Una niebla densa se levanta para el lado de los cerros, y se percibe el
rumor animal que despierta todos los días. Balidos lejanos. Presentidos
cantos de pájaros.
—V'hacer calor!... — murmura Dermidio. Y apura el azulejo, que toma al
trote, orejas paradas, haciendo sonar las narices, fuerte y contento con
el aire mañanero.
—Guá!... guá!...
Ahora ya cerquita, allí, detrás suyo.
Dermidio pone el caballo al paso, y sujetándolo poco a poco, lo detiene
por fin. Lento, se vuelve. Allí, a veinte metros, el zorro, sentado, lo
contempla con sus ojillos negros, las orejas enhiestas, el puntiagudo
hocico husmeante.
Dermidio descabalga. Hace como que arregla el recado, sin mirar al
bichejo. Como que no lo ha visto. Saca el revólver, y casi sin apuntar,
le hace un disparo. Una nubecilla de tierra vuela unos metros detrás del
zorro. Este se vuelve, mira aquella nubecilla, y tranquilamente, torna a
observar al hombre, la cabeza medio inclinada a un lado, como
interrogando. Irónico, valiente.
—Bicho juna gran...! Atrevido!... — rezonga Dermidio.
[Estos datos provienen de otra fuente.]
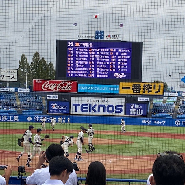 その観戦をバックネット裏から、ハラハラドキドキ。。。早稲田を破れば、まさかの5期ぶりの秋季大会優勝🏆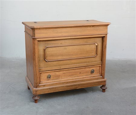 Madia con piano apribile e cassetto nella base, piedi torniti (cm 108x95x52)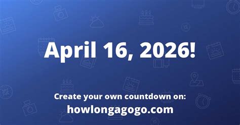This date is 7 months. That means there are 30.29 weeks, 5088.0 hours, and. Web how long until april 16th 2026? Web countdown to 16 april. Now that you know how many days are left until 16 april, share it with your. Create a countdown for april 16, 2026 or share with friends and family. From today, until april 16, there are 212 days. Web there are 215 days until april 16. The days calculator is a simple tool to show how many days remain until a. It will be closest to the sun on. April 16th 2026 is in 2.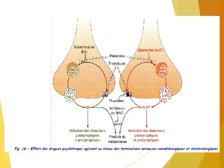Comment les antidépresseurs fonctionnent Des substances chimiques comme la sérotonine, la noradrénaline et la dopamine sont naturellement présentes dans notre organisme. Elles sont nécessaires au fonctionnement normal du cerveau. Chez certaines personnes dépressives, il peut y avoir un déséquilibre de ces substances chimiques (appelées neurotransmetteurs) dans le cerveau. Les antidépresseurs agiraient en rééquilibrant une ou plusieurs de ces substances chimiques. Il y a plusieurs types d'antidépresseurs. Mode d’action des antidépresseurs Les neurobiologistes et les psychiatres supposent aujourd’hui que lors d’une dépression, la quantité des médiateurs chimiques noradrénaline et sérotonine dans la fente synaptique est insuffisante. Après avoir été libérés, ils sont soit rapidement «recapturés» par la cellule nerveuse afin de pouvoir être réutilisés, soit éliminés dans la fente synaptique. Beaucoup d’antidépresseurs agissent en empêchant cette recapture, raison pour laquelle ils sont appelés inhibiteurs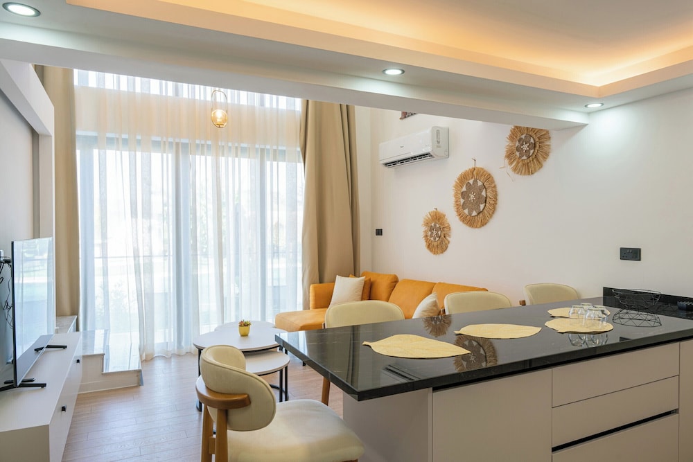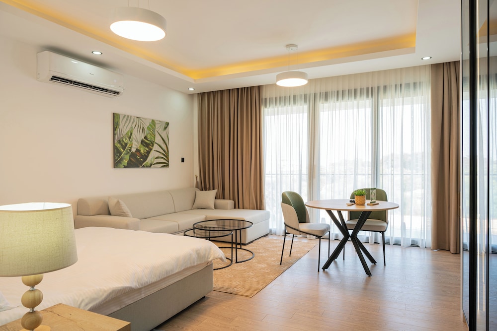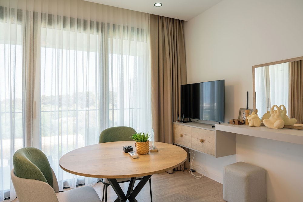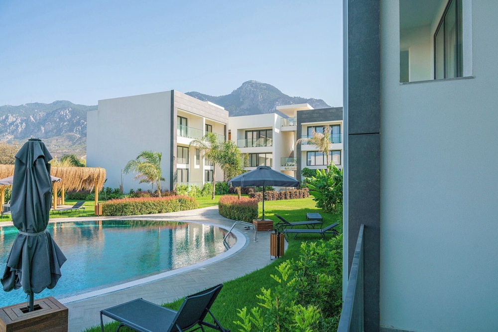 When you stay at Palmera Resort SPA Wellness in Lapithos, you'll be 13 minutes by car from Alsancak National Freedom Park. This spa aparthotel is 8.6 mi (13.9 km) from Merit Park Hotel Casino & Spa and 9 mi (14.4 km) from Kaya Palazzo Resort & Casino Girne. Make yourself at home in one of the 20 air-conditioned rooms featuring kitchenettes with ovens and stovetops. Rooms have private balconies. 40-inch Smart televisions with digital programming provide entertainment, while complimentary wireless internet access keeps you connected. Conveniences include desks and separate sitting areas, and housekeeping is provided on request. Distances are displayed to the nearest 0.1 mile and kilometer.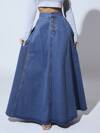 SHEIN SXY 女式前扣超长休闲牛仔长裙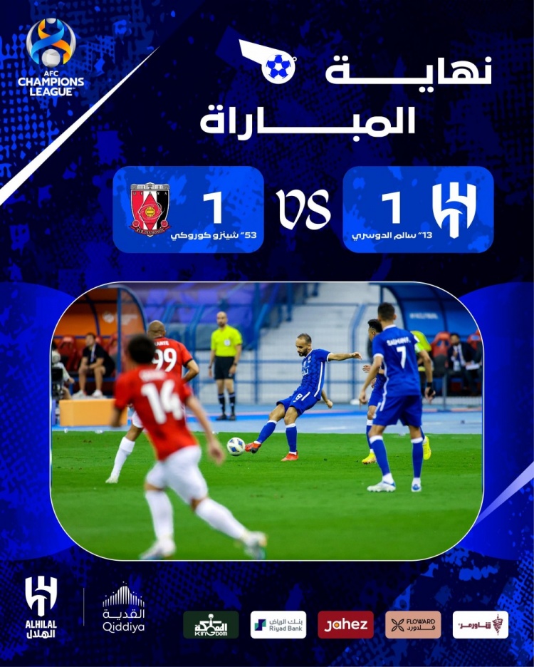 第53分钟,浦和扳平比分!浦和后场直塞布莱希解围击中自家立柱,兴梠慎三跟进抽射破门,利雅得新月1-1浦和红钻。↓
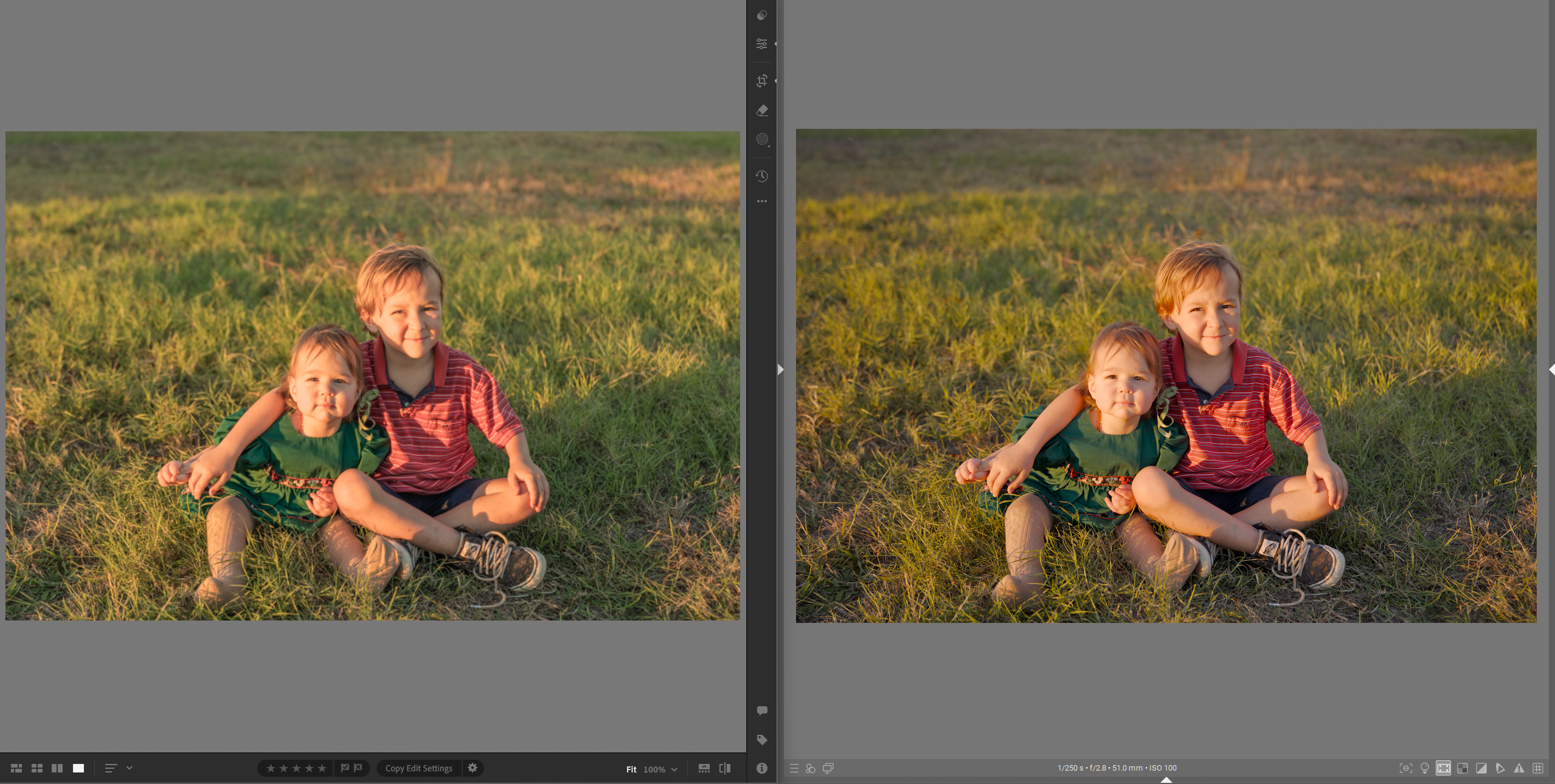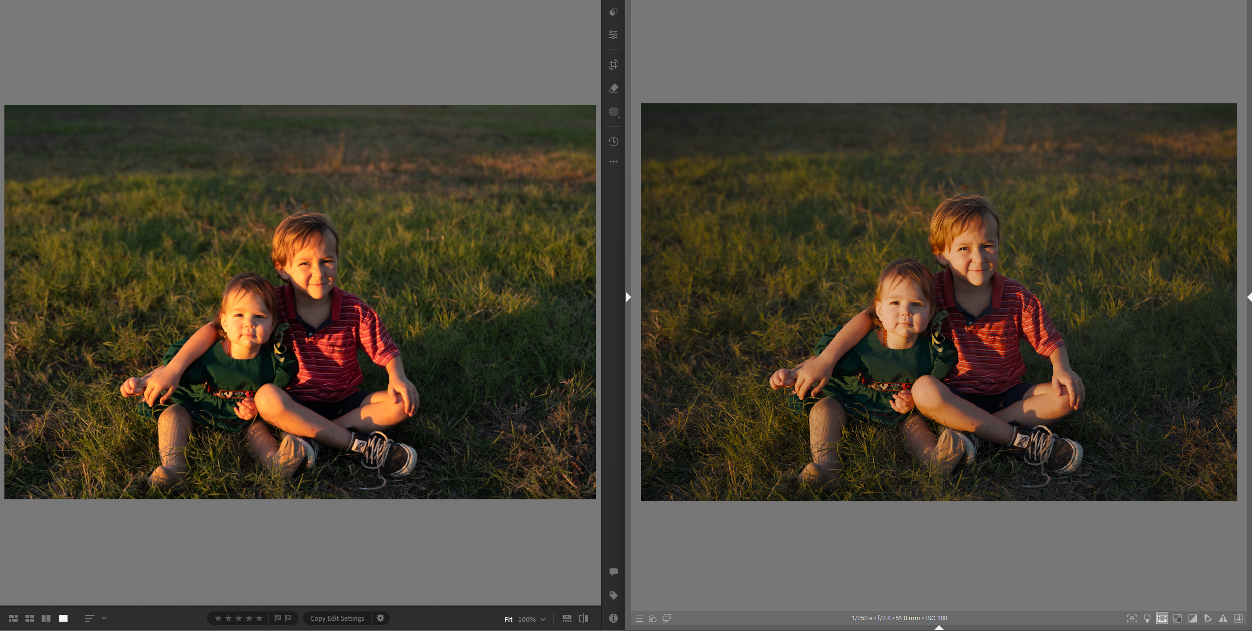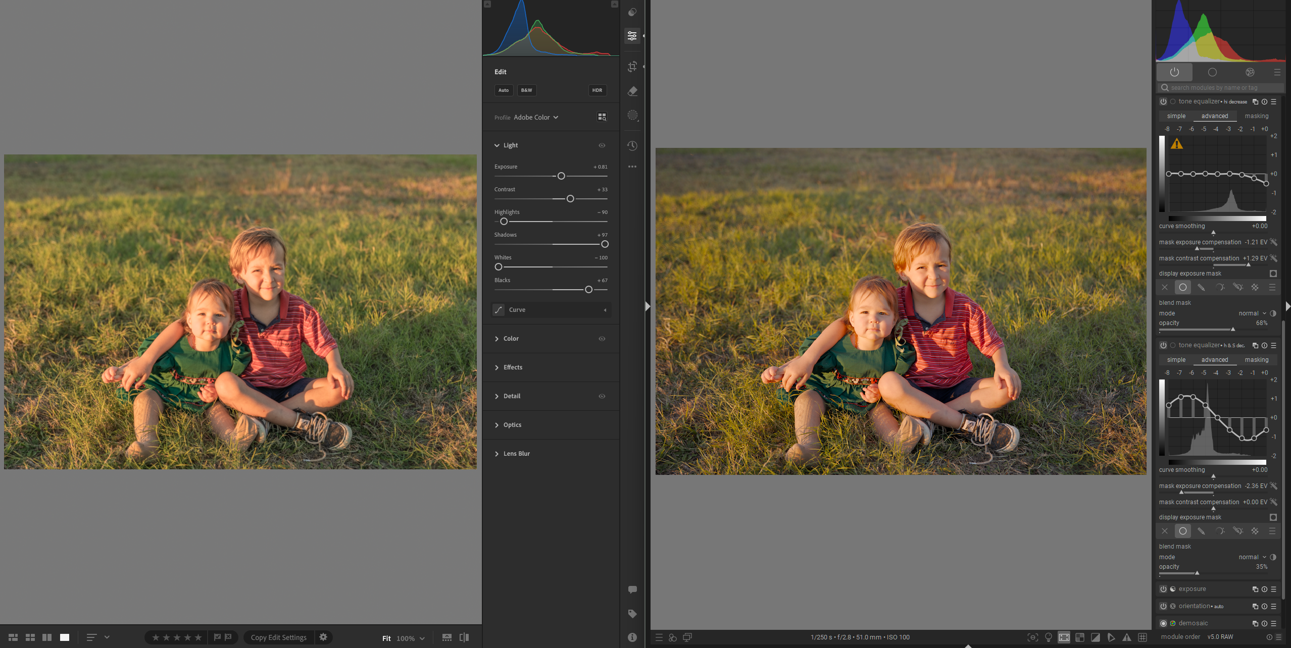 I included the original files in my post, in case you missed it, and there isn’t really an exposure problem (no clipping). The main “problem” with this photo is that it was taken near sunset, with the faces at a 90 degree angle to the light, which generally is not what you want to do. But kids are hard to photograph and you have to take opportunities when they arise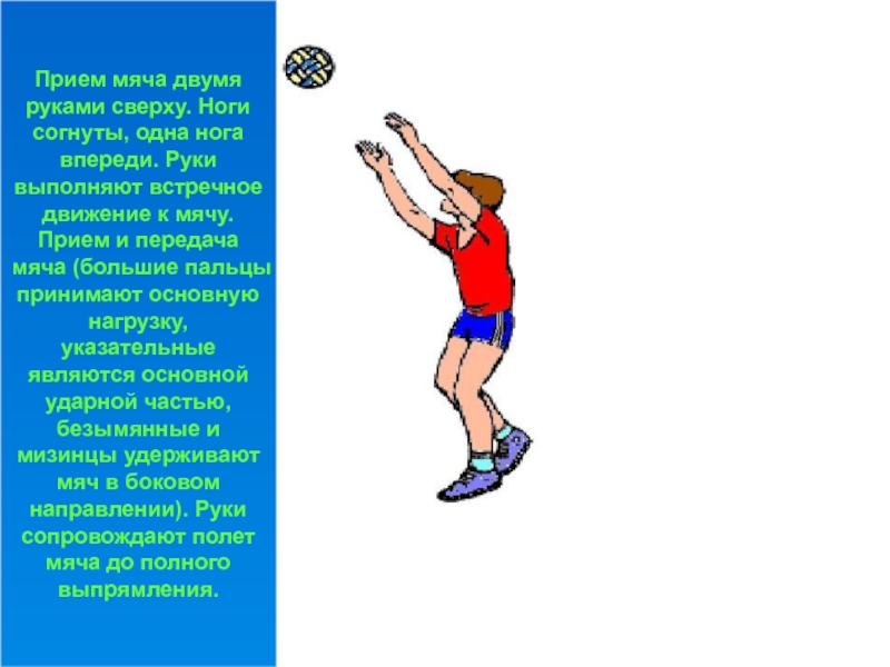 развернуты немного наружу, кисти сомкнуты и опущены вниз. Прием мяча производится на нижнюю часть предплечий, руки в локтевых суставах прямые (не сгибать!). Нет большого встречного движения, руки чуть-чуть приближаются к мячу. Передача мяча осуществляется за счет небольшого разгибания ног и направляющего движения руками.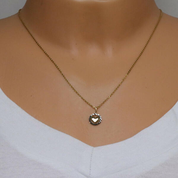 Az 375 kombinált arany medál egy gyűrű körvonalból áll, amelyet csillogó háromszög alakú bemetszések díszítenek. A karika közepébe egy domború tele szív van helyezve. A hosszúkás láncra kerülő szem felfelé szélesedik. A medál átmérője: 10 mmA láncra kerülő szem szélessége: 1,5 mmA medál súlya: 0,32 gFémjelzéssel ellátva. Medál lánc nélkül.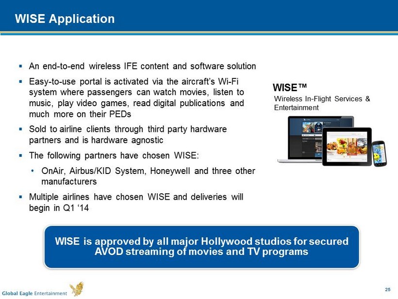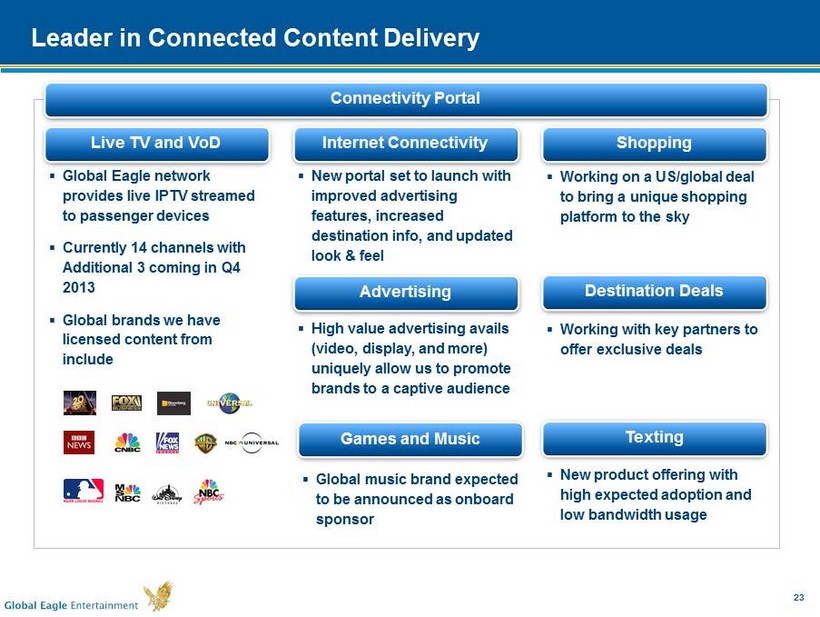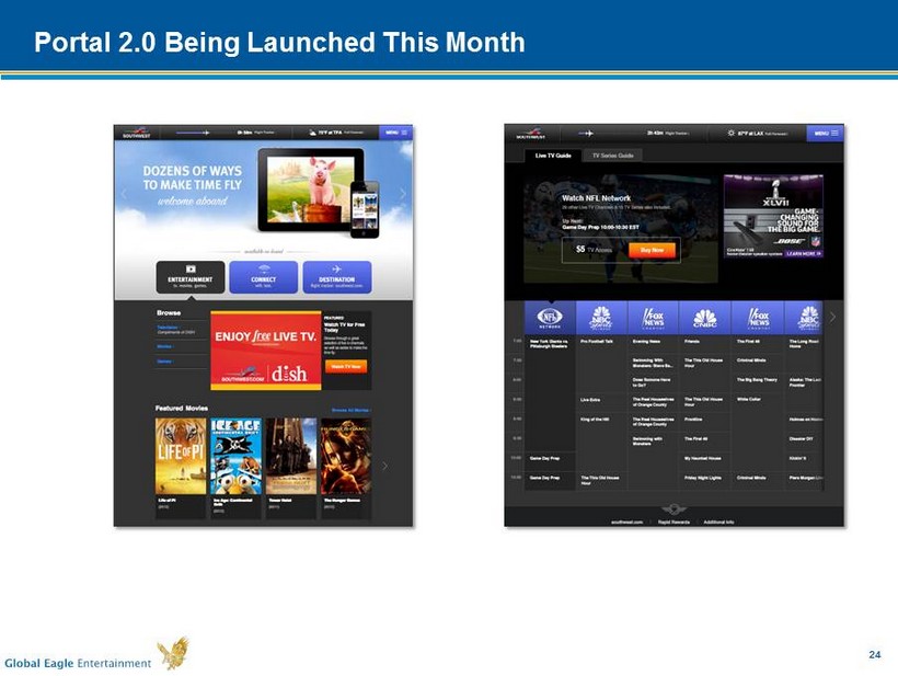 23 Leader in Connected Content Delivery Connectivity Portal Live TV and VoD Internet Connectivity Shopping Advertising Destination Deals Texting Games and Music ▪ Global Eagle network provides live IPTV streamed to passenger devices ▪ Currently 14 channels with Additional 3 coming in Q4 2013 ▪ Global brands we have licensed content from include ▪ New portal set to launch with improved advertising features, increased destination info, and updated look & feel ▪ High value advertising avails (video, display, and more) uniquely allow us to promote brands to a captive audience ▪ Working on a US/global deal to bring a unique shopping platform to the sky ▪ Working with key partners to offer exclusive deals ▪ New product offering with high expected adoption and low bandwidth usage ▪ Global music brand expected to be announced as onboard sponsor

Lentamente, con precaución, acomoda el caballo manso, acostumbrado a
esos juegos, y apunta, afirmando el arma en la cabezada del recado.
Suena el disparo. El azulejo se estremece. La bala pica junto al zorro,
que da un salto de costado.
Pero allí vuelve a sentarse, y audaz, mira de nuevo al hombre. En su
actitud hay burla y desafío.
Ya enardecido, Dermidio va a disparar otra vez. Pero recuerda que no
tenía sino tres balas.
—Me vi'a quedar sin ninguna si le tir'otra vez,— piensa. — Y me puede
hacer falta.
Vuelve el revólver al cinto. Mira al zorro. Grita:
—Ya, bicho!... — Y revolea el rebenque.
El animalejo permanece inmóvil, en su actitud provocativa. Entonces
Dermidio salta sobre el azulejo. Lo llama en la rienda, lo tornea hacia
ese lado, le cierra piernas.
El caballo, pronto, buen animal del medio
para los rodeos, arranca con ímpetu, afirmándose en las patas y batiendo
el aire con las manos nerviosas, que golpean luego el seco suelo. El
zorro huye.
Pero ya está el caballo sobre él.
Dermidio toma el rebenque de la sotera, y tirándose hacia la derecha, va
a descargar el mangazo.
En ese momento, el zorro gambetea como un rayo, y el caballo baqueano,
inteligente, quiere aparearlo. Pero pisa mal, y clava la cabeza en el
suelo, dando una vuelta sobre sí mismo. Se ven las patas en el aire,
luego la panza overa. Cae por fin de costado, el cuello estirado sobre
el pasto, el belfo tembloroso y sangrante.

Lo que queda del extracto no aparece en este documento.